Commissioner Of Income-Tax vs West Bengal State Electricity Board ... on 5 August, 1986

Equivalent citations: [1987]166ITR507(CAL)

JUDGMENT

 

 Dipak Kumar Sen, J. 
 

1. K. Okumo, the assessee, a Japanese national who was an engineer in the employment of Fuji Electric Co. Ltd. of Japan, came to India initially on February 13, 1971, to supervise an electricity project at Jaldhaka in West Bengal set up by the West Bengal State Electricity Board, hereafter referred to as the Board. He left India on September 13, 1971. The assessee again came to India on May 30, 1972, for work in the same project and finally left India on November 4, 1972. The Government of India approved the services of the assessee for the purpose of exemption from income-tax under Section 10(6)(vii) of the Income-tax Act, 1961.

2. In the assessment year 1973-74, the accounting period ending on March 31, 1973, the assessee was assessed to income-tax. The Income-tax Officer found that under the order of the Government of India dated April 19, 1973, whereby the services of the assessee from June 30, 1972 to October 29, 1972, were approved under Section 10(6)(vii) would not entitle the assessee to claim exemption of his income from being taxed inasmuch as the assessee had come to India in an earlier year, namely, 1971, and was a resident in India in one of the four financial years immediately preceding the financial year involved. As such, it was held that the assessee did not qualify for exemption from income-tax in the assessment year involved. The salary of the assessee was, accordingly, assessed to income-tax and inasmuch as the Board had agreed to bear the tax payable by the assessee, the amount of tax to be paid by the Board was treated as perquisite in the hands of the assessee and was grossed up. The total income was determined at Rs. 11,33,500.

3. Being aggrieved, the assessee through the Board preferred an appeal before the Appellate Assistant Commissioner. The Appellate Assistant Commissioner held that inasmuch the assessee had been a resident in India in one of the four financial years immediately preceding the financial year in question, he was not entitled to claim exemption from income-tax.
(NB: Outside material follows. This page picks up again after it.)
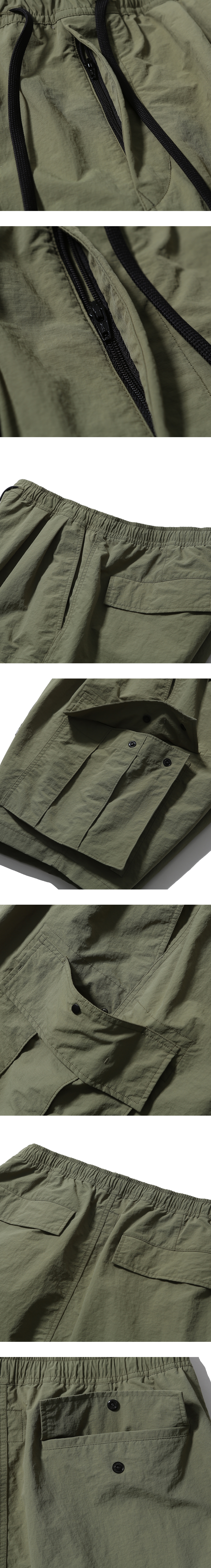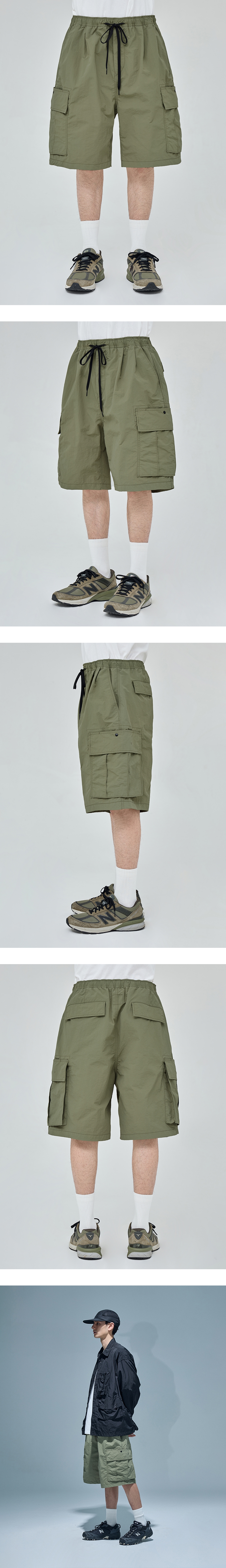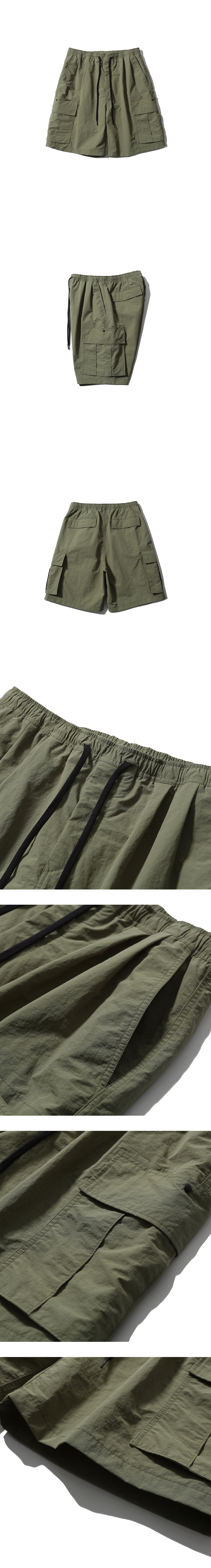 넉넉한 수납공간을 갖춘 밀리터리 쇼츠 · 여유롭고 편안한 느낌의 실루엣. · 고밀도의 묵직한 립스탑 나일론 원단 사용. · 넉넉한 사이즈의 카고 포켓을 포함한 6개의 포켓으로 구성. · 플랩을 열지 않고도 활용이 가능한 카고 포켓 디테일. · 허리에 턱을 넣어 편안한 착용감과 풍성한 실루엣 연출. · 신축성 있는 내장형 이밴드에 조임용 스트링이 달린 허리 사양.

4. It was contended before the Appellate Assistant Commissioner further that the Income-tax Officer was not justified in grossing up the assessee's income by treating the tax to be borne by the Board under the agreement entered into by and between the Board and Fuji Electric Co. Ltd., as a perquisite in the hands of the assessee as the same had been borne by the Board who was not the employer of the assessee and as such the tax on the salary of the assessee paid by the Board was not a perquisite within the meaning of Section 17(2)(iv) of the Income-tax Act, 1961. The agreement between Fuji Electric Co. Ltd. and the Board was placed before the Appellate Assistant Commissioner and it was contended that the assessee was in fact an employee of Fuji Electric Co. Ltd. and had been deputed by the Japanese company to work as a technician with the Board, There was no contract of employment between the assessee and the Board.
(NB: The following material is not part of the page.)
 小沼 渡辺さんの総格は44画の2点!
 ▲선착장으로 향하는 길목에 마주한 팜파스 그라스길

5. The Appellate Assistant Commissioner rejected the contentions of the assessee. He held that though the assessee was deputed by Fuji Electric Co. Ltd. of Japan to work for a specific period, the actual work was done by the assessee under the Board. The Board itself had made necessary arrangements for tax exemption of the assessee under Section 10 of the Income-tax Act, 1961. He also noted that the Board had granted a salary certificate to the assessee in respect of remuneration paid to him. He held that remuneration had been received by the assessee as salary for services rendered in his employment under the Board and that the tax paid by the Board on such remuneration was a perquisite in the hands of the assessee under Section 17 of the Income-tax Act, 1961. The assessment was confirmed.

6. The assessee went up in further appeal before the Income-tax Appellate Tribunal. It was contended before the Tribunal on behalf of the assessee that the assessee at all material times was an employee under Fuji Electric Co. Ltd. of Japan and there was no privity of contract between the Board and the assessee. The agreement between the Board and the Japanese company as recorded in a confirmation letter dated June 9, 1972, was placed before the Tribunal and it was contended that it was clear from the said agreement that the assessee never served the Board as an employee and under the agreement, all payments by the Board had been made not to the assessee but to the Japanese company for and on account of the latter. It was contended that the assessee not being an employee of the Board, the Income-tax Officer and the Appellate Assistant Commissioner were wrong in grossing up the salary of the assessee on tax basis and were also wrong in treating the amount of tax as a perquisite under Section 17 of the Income-tax Act, 1961.

7. Contentions to the contrary were made on behalf of the Revenue. A letter dated April 19, 1973, from the Government of India to the Board was placed before the Tribunal to show that the services of the assessee as a technician to the Board had been approved and on that basis, tax exemption had been granted to the assessee. An earlier decision of the Tribunal in the case of N. Sciandra where the facts were more or less similar to those in the instant case was cited.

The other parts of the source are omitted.